Return only the lines below starting at the line containing "Long knitted dress" and ending at the line containing "月曜日に、学校司書の先生から", both included, exactly as they are and with no pictures.

**GIVEN INFORMATION:**
_____

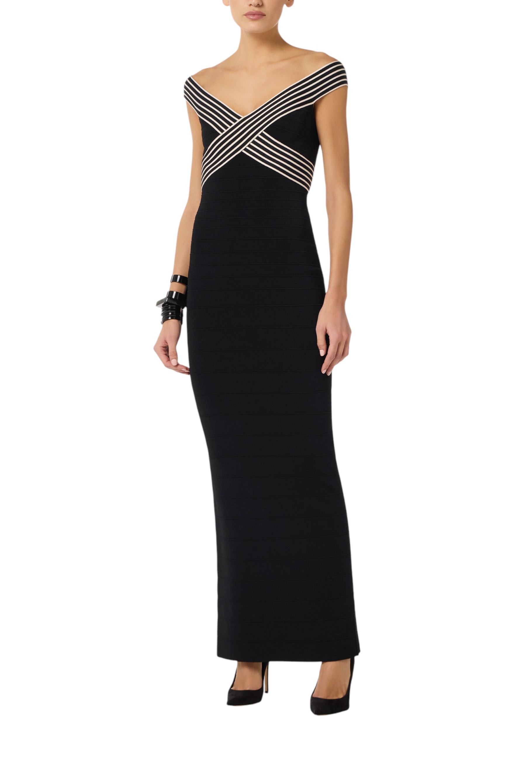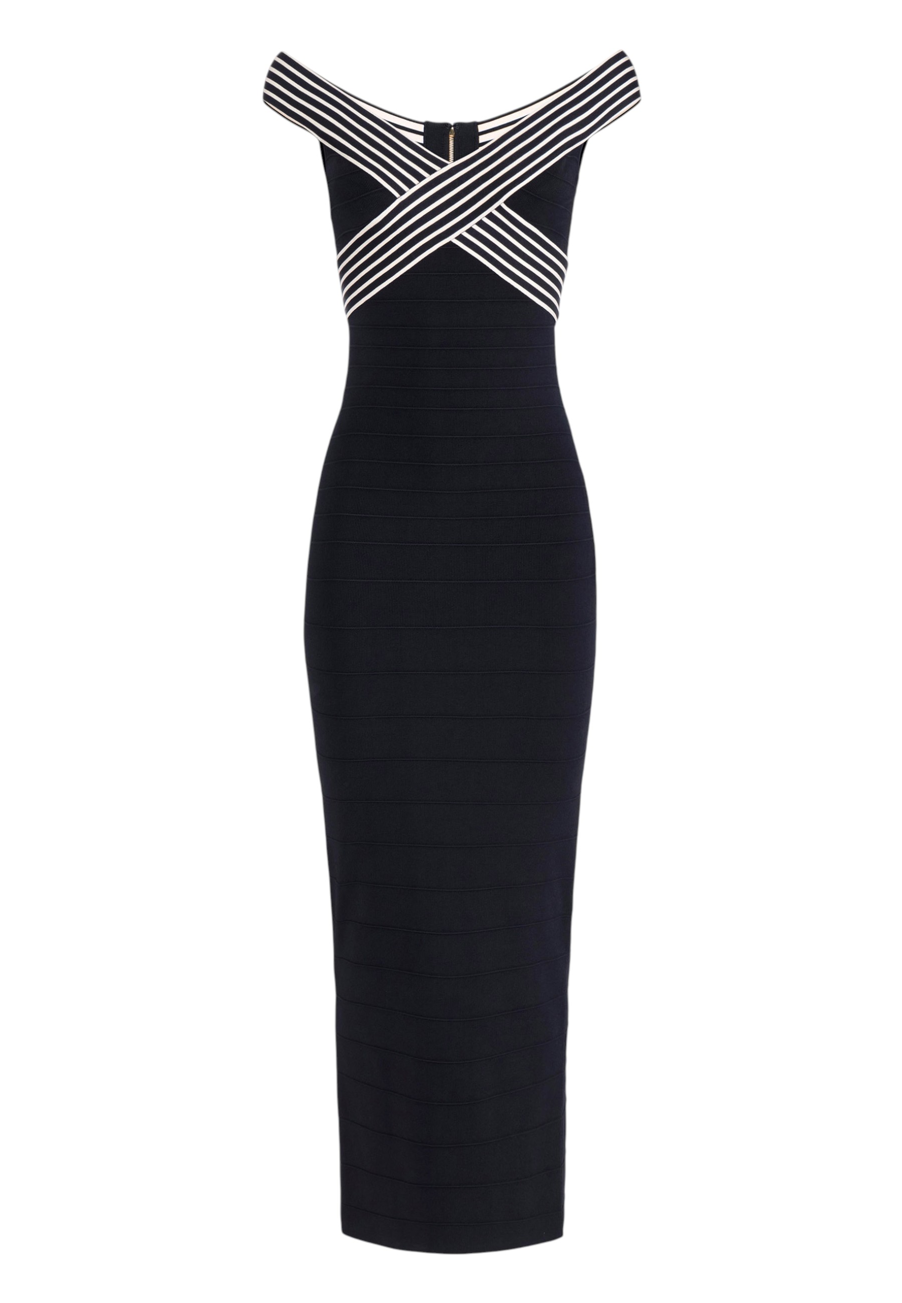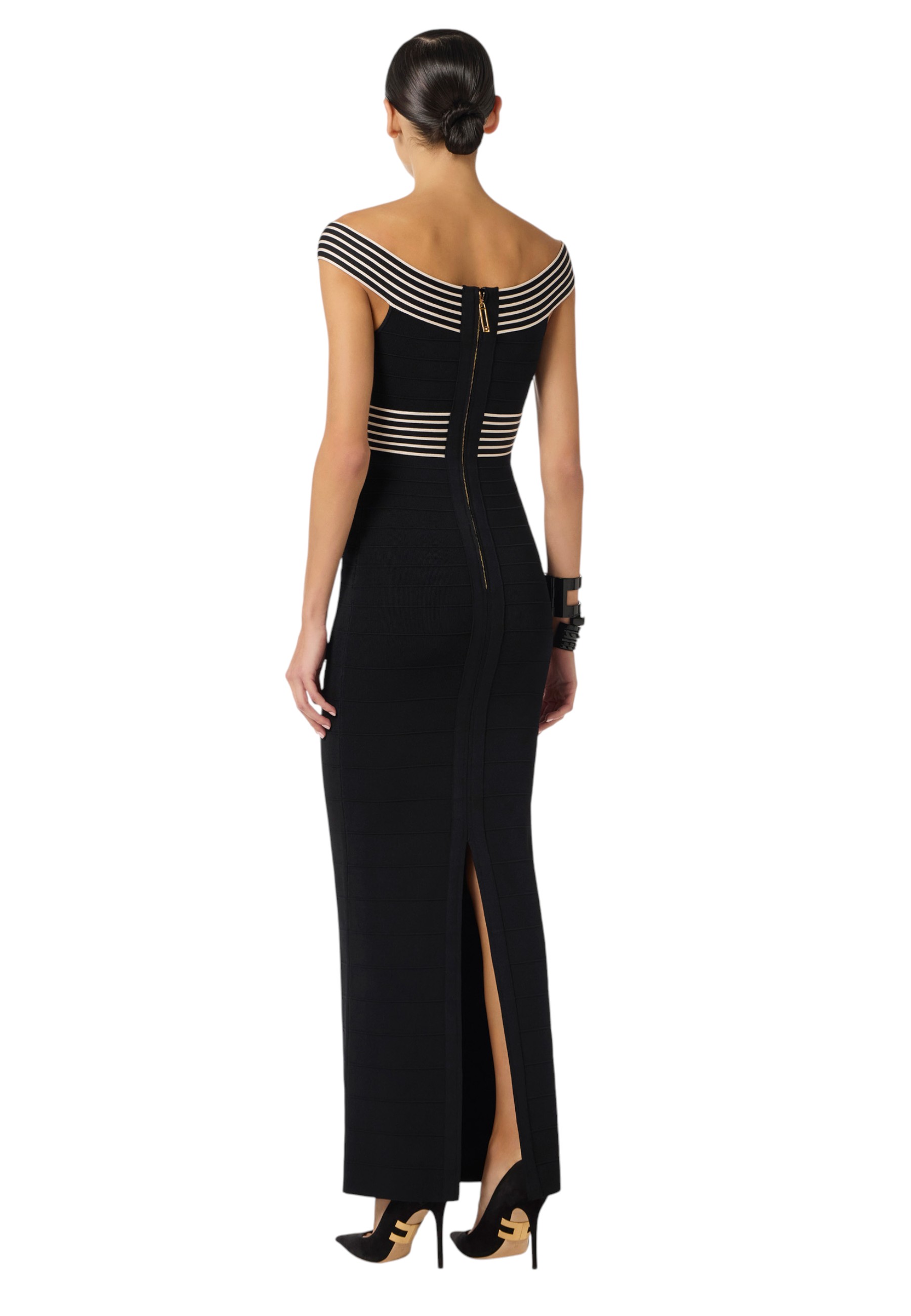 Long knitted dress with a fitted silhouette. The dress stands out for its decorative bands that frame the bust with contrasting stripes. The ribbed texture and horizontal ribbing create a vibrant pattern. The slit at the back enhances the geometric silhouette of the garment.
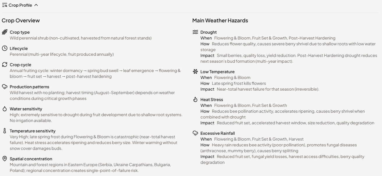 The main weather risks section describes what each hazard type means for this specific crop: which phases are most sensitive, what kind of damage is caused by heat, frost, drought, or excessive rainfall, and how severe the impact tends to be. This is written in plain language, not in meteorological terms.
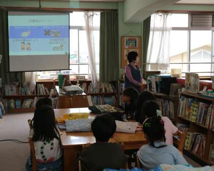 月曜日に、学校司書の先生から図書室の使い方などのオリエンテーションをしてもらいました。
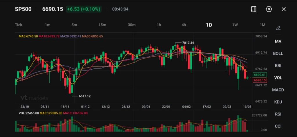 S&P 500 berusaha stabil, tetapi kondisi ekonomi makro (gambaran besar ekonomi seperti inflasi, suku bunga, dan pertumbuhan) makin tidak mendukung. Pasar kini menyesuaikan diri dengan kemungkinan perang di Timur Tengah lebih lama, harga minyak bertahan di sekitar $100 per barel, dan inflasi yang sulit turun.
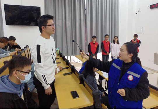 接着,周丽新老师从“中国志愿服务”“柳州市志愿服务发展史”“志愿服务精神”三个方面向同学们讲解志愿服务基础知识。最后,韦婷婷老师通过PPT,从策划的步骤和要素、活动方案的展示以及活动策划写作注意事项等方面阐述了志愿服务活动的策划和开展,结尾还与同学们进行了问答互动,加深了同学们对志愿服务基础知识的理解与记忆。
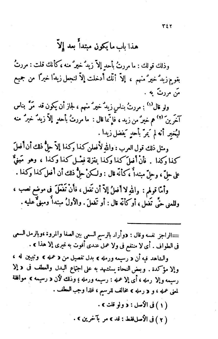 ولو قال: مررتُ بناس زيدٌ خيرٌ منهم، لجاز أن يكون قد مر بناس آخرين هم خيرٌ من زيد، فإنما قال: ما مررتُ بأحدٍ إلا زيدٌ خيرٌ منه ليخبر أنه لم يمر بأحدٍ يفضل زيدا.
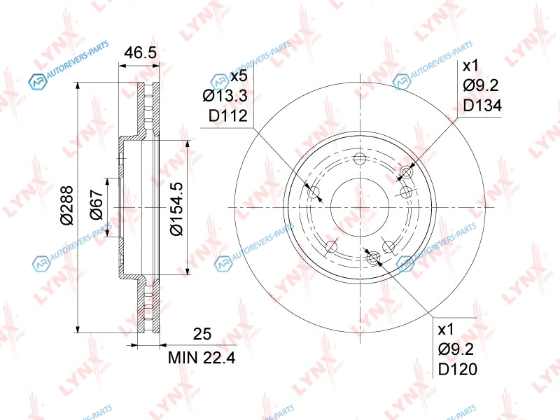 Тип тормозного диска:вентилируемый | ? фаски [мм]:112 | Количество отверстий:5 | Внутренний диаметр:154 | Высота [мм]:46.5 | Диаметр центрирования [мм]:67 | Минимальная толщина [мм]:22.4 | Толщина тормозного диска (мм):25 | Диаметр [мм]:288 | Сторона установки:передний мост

_____

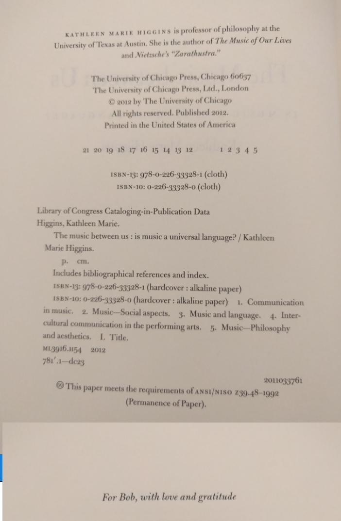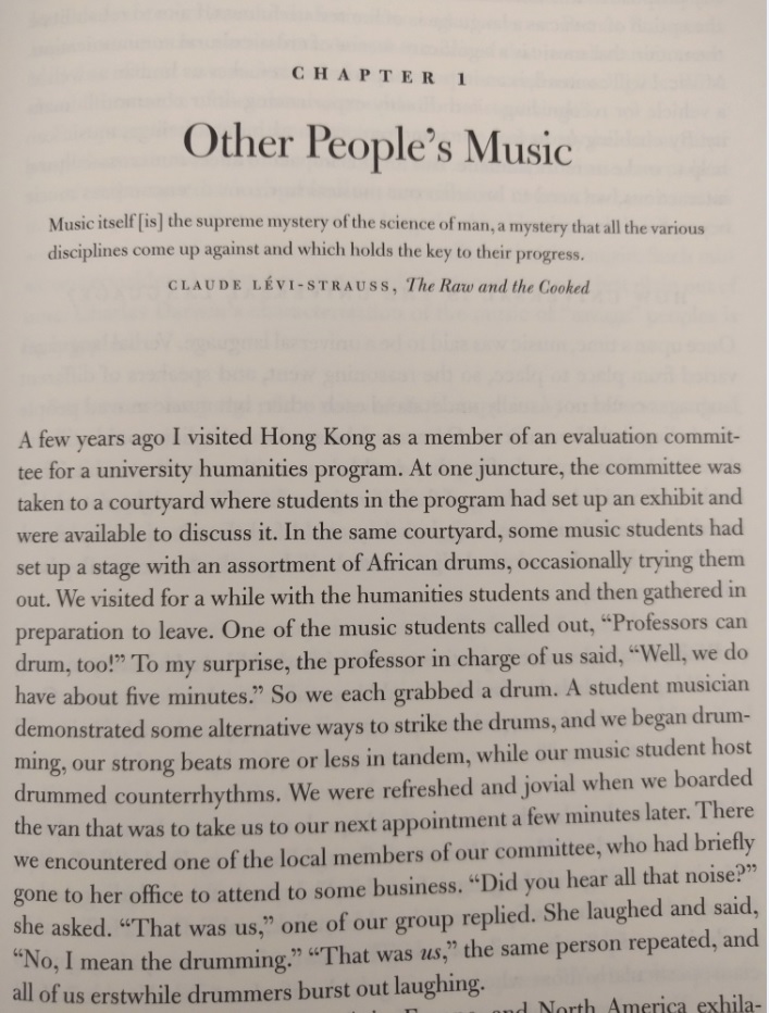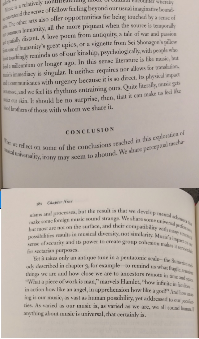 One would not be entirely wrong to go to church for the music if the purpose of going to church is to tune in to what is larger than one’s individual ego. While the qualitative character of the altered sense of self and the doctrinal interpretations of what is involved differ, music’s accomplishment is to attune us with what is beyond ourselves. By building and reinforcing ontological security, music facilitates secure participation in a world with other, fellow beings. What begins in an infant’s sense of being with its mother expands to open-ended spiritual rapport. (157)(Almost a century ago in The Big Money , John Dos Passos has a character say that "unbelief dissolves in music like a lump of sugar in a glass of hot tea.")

_____

**RESULT OF THIS EXERCISE:**
 Long knitted dress with a fitted silhouette. The dress stands out for its decorative bands that frame the bust with contrasting stripes. The ribbed texture and horizontal ribbing create a vibrant pattern. The slit at the back enhances the geometric silhouette of the garment.
 The main weather risks section describes what each hazard type means for this specific crop: which phases are most sensitive, what kind of damage is caused by heat, frost, drought, or excessive rainfall, and how severe the impact tends to be. This is written in plain language, not in meteorological terms.
 月曜日に、学校司書の先生から図書室の使い方などのオリエンテーションをしてもらいました。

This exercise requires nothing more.